Viven перевод на испанский
7,258 параллельный перевод
Grateful Dead rock grubunun kurtulan üyelerinin bazen Furthur adında bir tur düzenlediklerini biliyor muydun?
¿ Sabías que los miembros del Grateful Dead que aún viven ocasionalmente van de gira juntos bajo el nombre Furthur?
Sen de biliyorsun ki Tel Aviv'de, yakın bir yerde yaşamıyorsan, ordu sana ev sağlamak zorunda, ve bu pek kolay bir şey değil.

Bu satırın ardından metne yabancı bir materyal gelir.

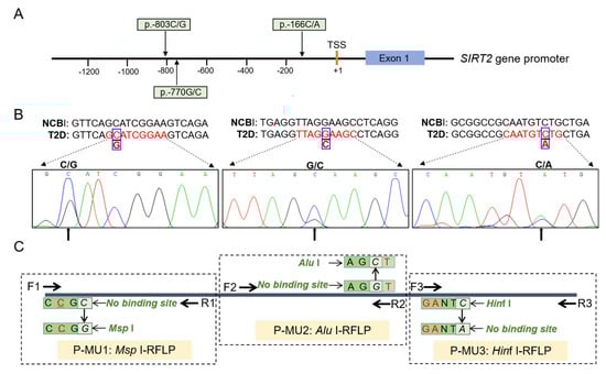 The extracted genomic DNA from all study cohorts was quantified using NanoDrop One (ThermoFisher, Waltham, MA), and the concentration was diluted to 50 ng/μL. A fragment of 1675 bp (from −1782 to −108) within the human SIRT2 gene promoter region was amplified and bi-directionally sequenced using an ABI PRISM BigDye Terminator v3.1 Cycle Sequencing kit and an Applied Biosystems 3730XL genetic analyzer (Applied Biosystems, Foster City, CA, USA). The sequenced PCR products were aligned with the SIRT2 promoter sequences (NCBI, NC_000019.10) using a BLSTN assay. The identified SNP loci were genotyped by the PCR-restriction fragment length polymorphism (PCR-RFLP) method in this study. In detail, the Msp I-RFLP, Alu I-RFLP, and Hinf I-RFLP were established to genotype the P-MU1, P-MU2, and P-MU3 loci of the SIRT2 gene, respectively. The primers that were used for detecting and base remodeling are listed in Table S2. More importantly, the accuracy of the RFLP genotyping assay was evaluated due to the concordance between duplicate samples (up to 100% for each SNP).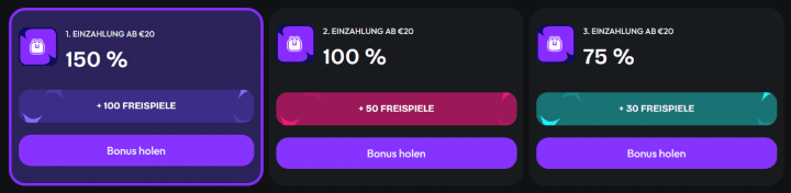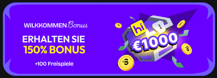 - 1. Willkommensbonus - 150% bis zu 1.000€ und 100 Freispiele

Usted sabe Kiryat no es una base para pernoctar Para aquellos que no viven en Israel, el ejército israelí tiene que encontrar un lugar para vivir, y pagar parte del alquiler. Y no es así de simple.
Nerede yaşıyorlar?
¿ Dónde viven?
Nerede yaşadığınızı öğrenmek istediler.
Querían saber dónde viven.
- Gizli sığınağımıza Foot klanının prensesini getirirken neyin kafasını yaşıyordunuz siz?
¿ En qué mundo viven donde está bien traer a la princesa del clan foot a nuestra guarida secreta?
Birlikte yaşıyor gibiler.
Ellos casi que viven juntos.
Bu evde yaşayan başkaları da var!
¡ Otras personas viven aquí!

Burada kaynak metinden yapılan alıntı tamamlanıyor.